Ingredients:
- 1 cup (240g) Ripe Avocado, mashed (about 2 medium avocados, puréed)
- ½ cup (113g) Unsalted Butter, melted (or coconut oil for dairy-free)
- 2 Large Eggs, room temperature
- 1 tsp (5 ml) Vanilla Extract
- ¾ cup (150g) Granulated Keto Sweetener (e.g., erythritol/monk fruit blend)
- ½ cup (60g) Unsweetened Cocoa Powder (Dark, Dutch-processed preferred)
- ½ cup (50g) Superfine Almond Flour
- 1 tsp (5g) Espresso Powder (optional, to enhance chocolate flavor)
- 1 tsp (5g) Baking Powder
- ¼ tsp (1g) Fine Sea Salt
- ½ cup (85g) Sugar-Free Chocolate Chips
- ¼ cup (30g) Chopped Walnuts or Pecans (optional)
Instructions:
- Preheat the oven to 350°F (175°C).

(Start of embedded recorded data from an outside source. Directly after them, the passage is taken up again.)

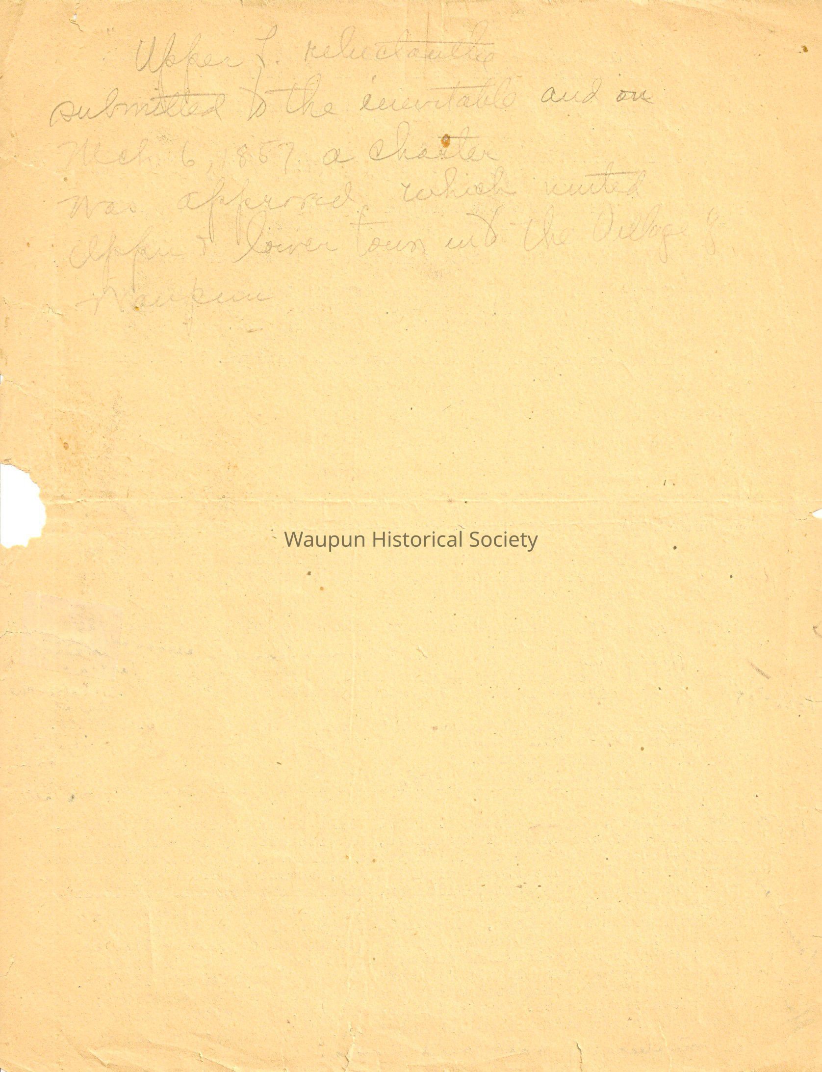 Upper T (Town ?) reluctantly submitted to the inevitable and on March 6, 1857 a charter was approved which united Upper and Lower town into the village of Waupun.Acquisition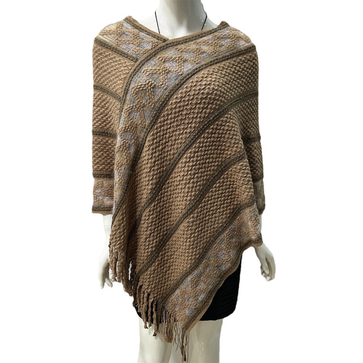 Ethnic Style Pullover Diamond Lattice Shawl -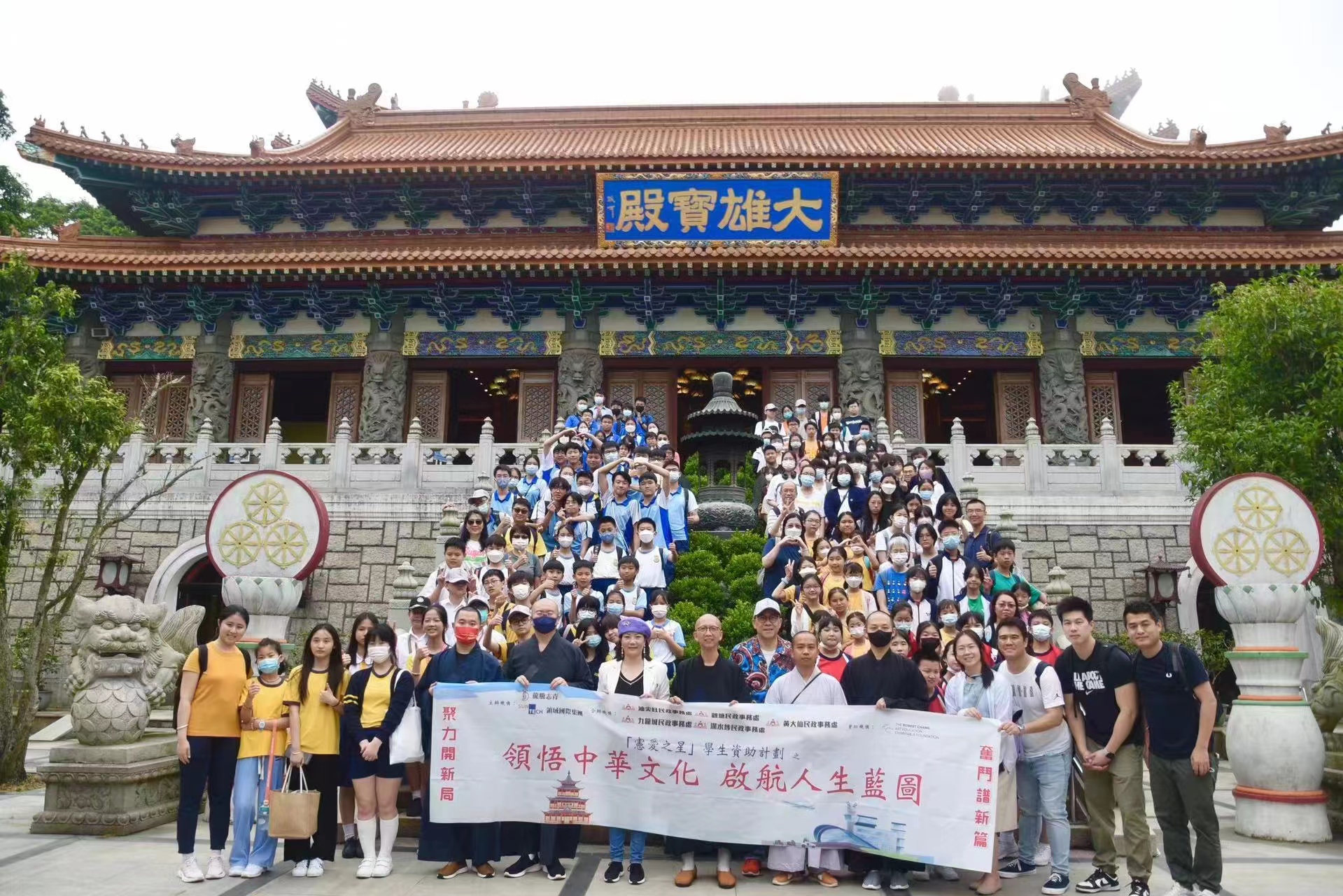 大公文匯全媒體報道,團體「龍騰志青」今日(6日)舉辦「領悟中華文化 啟航人生藍圖」參觀交流學習活動,12間學校近200人分別前往寶蓮禪寺和民航處總部進行參觀、交流、學習。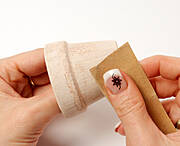 Jeśli farba była nanoszona pędzlem, możesz drobnym papierem ściernym zrobić przetarcia imitujące efekt spękań. Można też w wykonanie ozdobnej doniczki włożyć więcej wysiłku i uzyskać efekt postarzenia za pomocą cracka do decoupagu.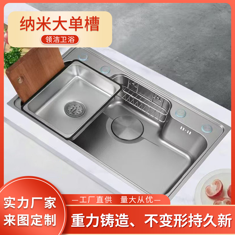 台所304ステンレス水槽3d米粒ナノ防汚日本式大単槽野菜洗面器家庭用皿洗い池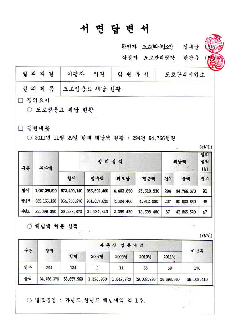 ○ 김양기 위원 먼저 도로점용료에 대해서 말씀 드리겠습니다.

Line the 8x8 inch baking pan with parchment paper, leaving an overhang on two sides for easy removal later. Lightly grease the exposed sides.
- Gently melt the butter (or coconut oil) and set aside to cool slightly.
- Place the ripe, peeled avocado chunks into a food processor or blender. Blend until completely smooth and creamy, scraping down the sides as needed. Ensure there are absolutely no lumps.
- Transfer the avocado purée to a large mixing bowl. Add the slightly cooled melted butter, eggs, and vanilla extract. Whisk vigorously until the mixture is uniform and the colour is consistently glossy green-brown.
- In a separate medium bowl, whisk together the almond flour, cocoa powder, 1/2 cup of sweetener, baking powder, espresso powder (if using), and salt. Break up any clumps in the cocoa powder.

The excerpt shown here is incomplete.